The guidelines also set clear protocols for incidents involving multiple institutions. In such cases, the originating bank must notify the receiving bank within 30 minutes of receiving the complaint. Both institutions are required to conduct a joint investigation, determine any lapses, assess the amount lost, and agree on reimbursement and preventive measures. In these scenarios, reimbursement must be completed within 16 working days from the date the incident was first reported.

The CBN’s move is part of a broader effort to strengthen the financial system and restore public trust in Nigeria’s digital channels. “Nigeria’s financial system has benefited immensely from the growth of digital channels such as USSD, internet banking, and instant transfers,” the circular notes. “However, the rapid adoption of these channels has also been accompanied by a surge in electronic fraud, including APP fraud, which poses serious risks to customers and the system at large.”

Under the draft guidelines, victims must report APP fraud incidents within 24 hours, although a 48-hour grace period is allowed if necessary. Reports must include transaction details, recipient information, and any supporting documents. Once a complaint is lodged, financial institutions are required to acknowledge receipt within 24 hours, issue a unique case reference number, and outline the investigation timeline. Investigations must be concluded within 14 working days, after which customers are informed of the outcome, including explanations where reimbursement is denied.

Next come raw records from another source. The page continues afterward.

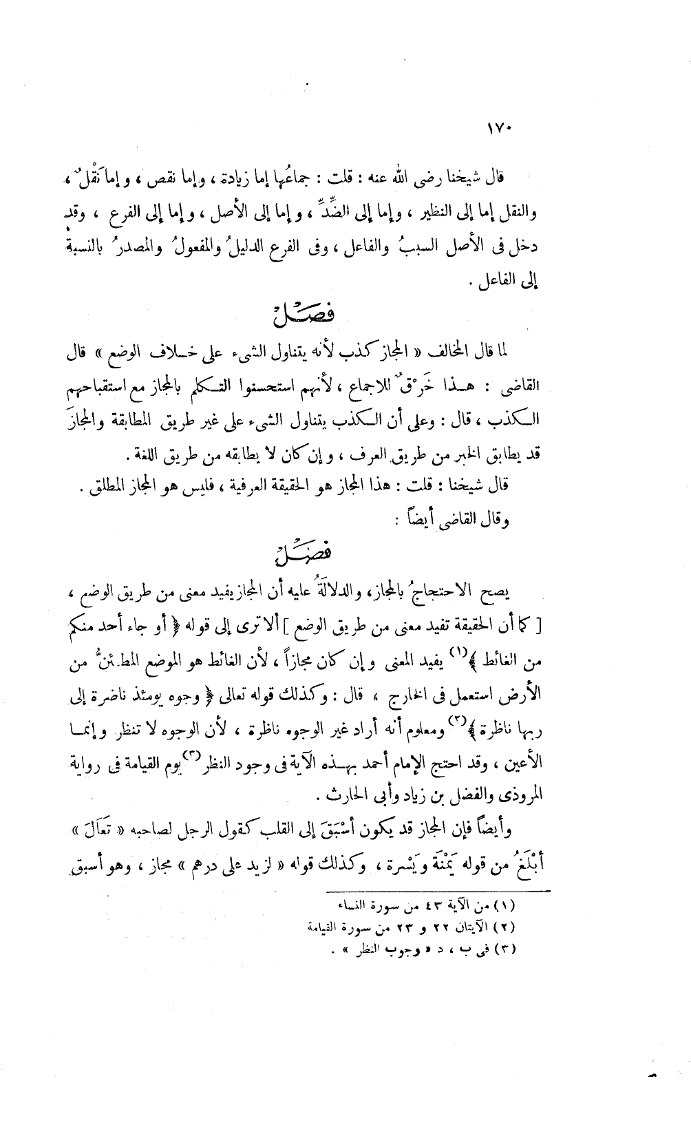 لما قال المخالف: المجاز كذب لأنه يتناول الشيء على خلاف الوضع قال القاضي: هذا خرق للإجماع لأنهم استحسنوا التكلم بالمجاز مع استقباحهم الكذب قال: وعلى أن الكذب يتناول الشيء على غير طريق لمطابقة والمجاز قد يطابق الخبر من طريق العرف وإن كان لا يطابق من طريق اللغة.
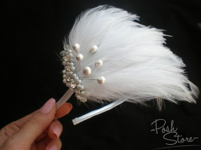у меня в голове несколько идей это либо красивый белый бант на ободке с перьями, может органзой и фатином.
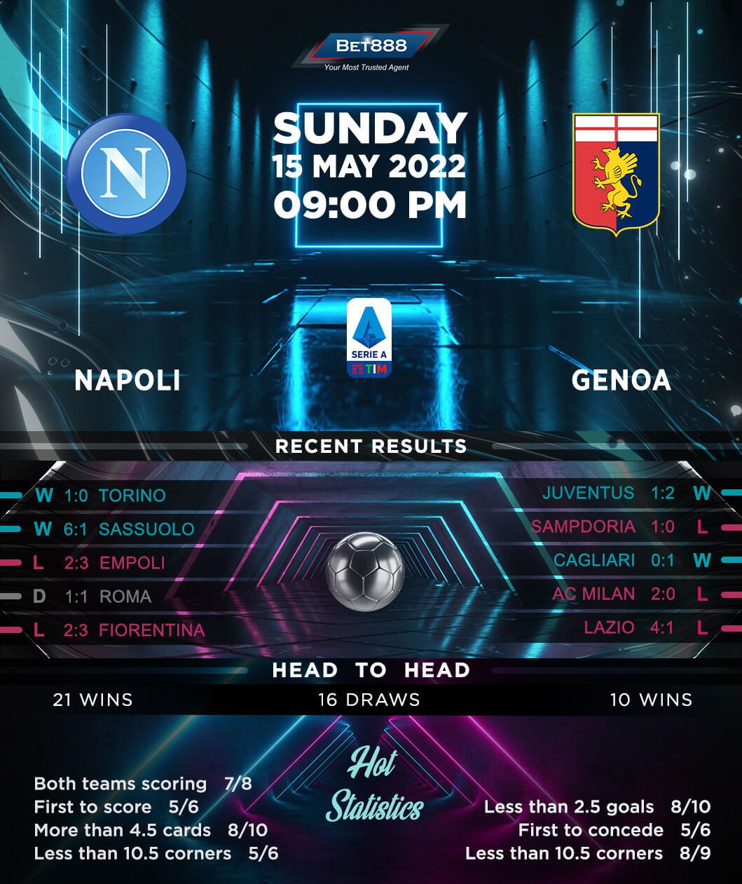 Despite bettering last season’s fifth-place finish and securing a coveted Champions League return after a season-long absence from Europe’s most prestigious competition, this season has left a bitter taste in Napoli’s mouths. ‘I Partenopei’ were long in contention for their first Scudetto since the glory days of Diego Maradona, but not even back-to-back league wins ahead of the kick-off were enough to keep them in the title race. Napoli’s indifferent four-game home form in Serie A (W2, D1, L1) has led the devastated club supporters to throw eggs at the team’s bus ahead of Lorenzo Insigne’s final home game. All that could shake up under-pressure boss Luciano Spalletti, who aims to maintain Napoli’s eye-catching 12-game unbeaten home Serie A streak against Genoa (W8, D4). With four clean sheets from their last five top-flight H2Hs in Naples, the hosts will feel confident about getting a step closer to a third-place finish.
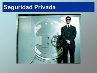 El documento habla sobre los conceptos de seguridad privada e incluye definiciones de seguridad, las diferencias entre seguridad pública y privada, y los pasos clave para establecer un sistema de seguridad privada como determinar los valores a proteger, realizar un estudio de seguridad, establecer planes operativos, de emergencias y recuperación, e identificar y analizar los factores de riesgo.
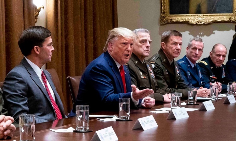 Tổng thống Trump trong một cuộc họp với các lãnh đạo quân sự ở Nhà Trắng hồi tháng trước. Ảnh: NYTimes.
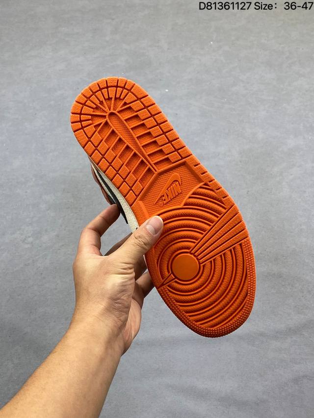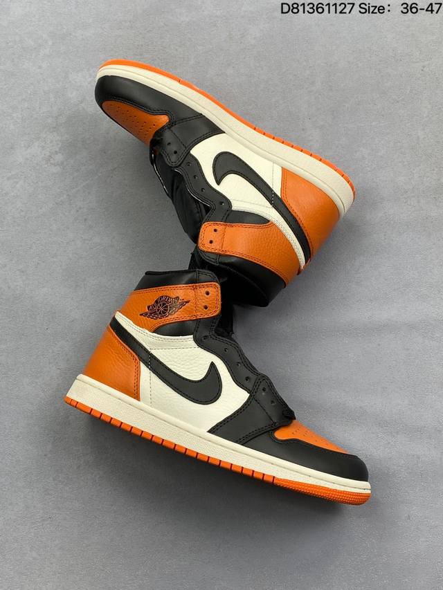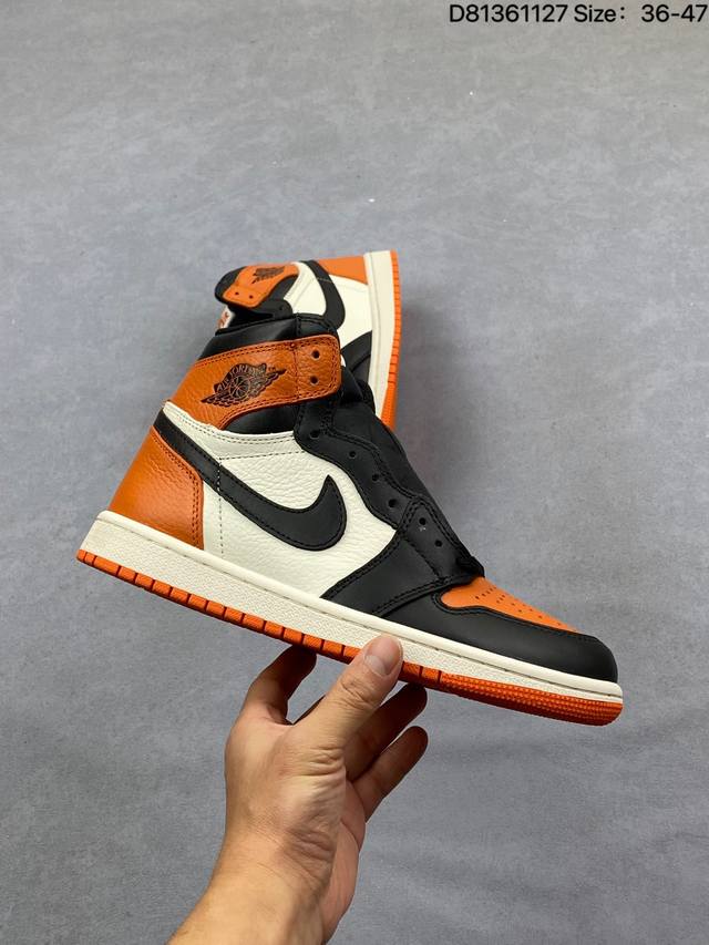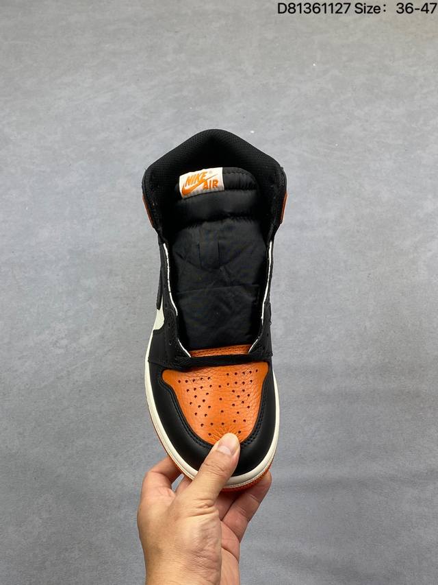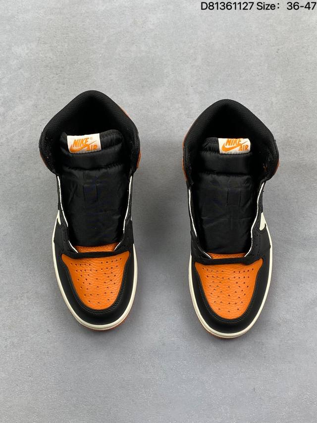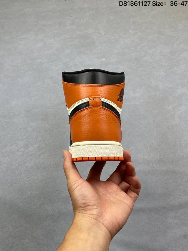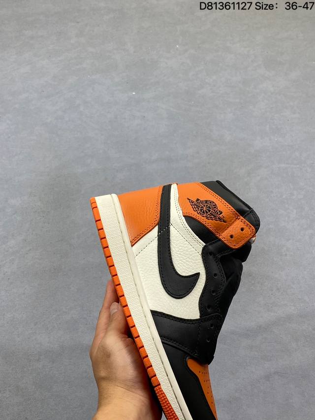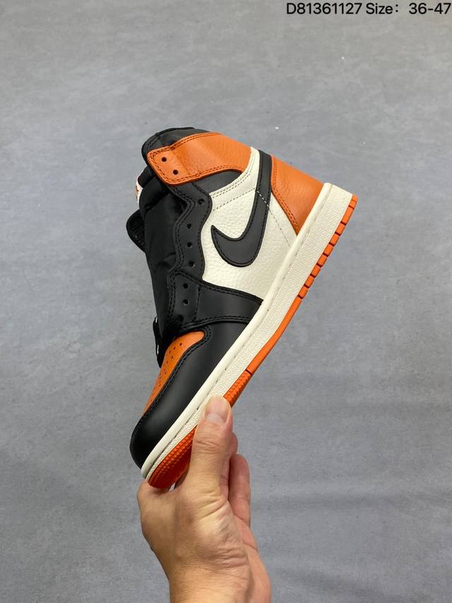 头层带半码 DDD Air Jordan 1 High Og Shattered Backboard 高帮 复刻扣碎篮板 Aj1 乔丹1代 Aj1 乔1 高邦 复刻黑扣碎 乔丹篮球鞋系列 设计灵感来源于乔丹在1985年意大利的一场表演赛中的一次传奇扣篮。当时,乔丹身穿橙色、黑色和白色球衣的他在一场表演比赛中,以一记强力扣篮直接击碎了篮板玻璃,这一幕成为了篮球史上的经典瞬间。而鞋款的配色灵感就汲取自Mj当时身着的Stefanel Trieste球衣,采用橙、黑、白三色配色设计,还原Mj球衣的色调,橙色尤为突

The CBN further stated that failure by banks to investigate within the stipulated timelines without reasonable justification may constitute a breach of consumer protection obligations, potentially attracting regulatory sanctions. However, customers who delay reporting beyond 72 hours without valid reasons, such as illness or delayed awareness of the fraud, may not be eligible for reimbursement—unless the incident arose from internal control failures or staff negligence.

The central bank also reserves the right to instruct relevant settlement entities, including NIBSS, to withhold settlement for fraudulent transactions, extending this to beneficiary institutions if necessary.

Overall, the draft guidelines demonstrate the CBN’s firm stance on protecting consumers, curbing APP fraud, and ensuring swift resolution of fraud cases. By mandating a 48-hour reimbursement window, the central bank aims to reinforce trust in Nigeria’s financial system and provide a clear framework for addressing one of the fastest-growing forms of electronic fraud.